IN PICS: Why angry workers are taking to the streets in Cadiz in southern Spain

ANGRY protests have become a daily occurance in Spain’s southern city of Cadiz in recent days as workers take to the streets to demand higher wages.

On Wednesday, metalworkers continued their strike for a ninth day, barracading roads across the city and setting container fires.

The protests turned violent on Tuesday with police using tear gas and firing rubber bullets to disperse strikers.

Images of riot police moving in on protestors and beating them with batons were broadcast on Spanish media.

The street protests have coincided with industrial action called by those employed in metalwork where three out of every four jobs are temporary.

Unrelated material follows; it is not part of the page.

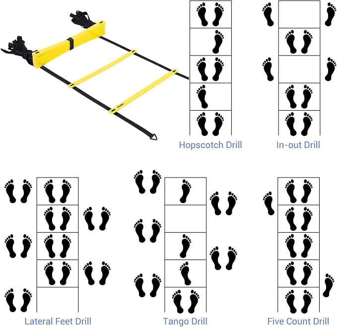 Agility Ladder Speed Training Set: Ohuhu 12 Rung 20ft Soccer 12 Cones, 4 Steel

In this case strikers are not protesting lay-offs or the closure of a company but rather expressing anger at stagnating wages amid rising inflation that is driving up living costs.

Cadiz, coastal city with a population of 116,000, is one of Spain’s poorest, where the main industry is shipbuilding and unemployment is over 23% far above the national average of 15%.

Metalworkers, who number 30,000 employees from close to 6,000 companies, called an indefinite strike beginning Tuesday November 16..

Unions want the rising inflation, recorded at 5% in October, to be reflected in their salaries, while industry leaders are instead offering 2% salary hikes over the next three years.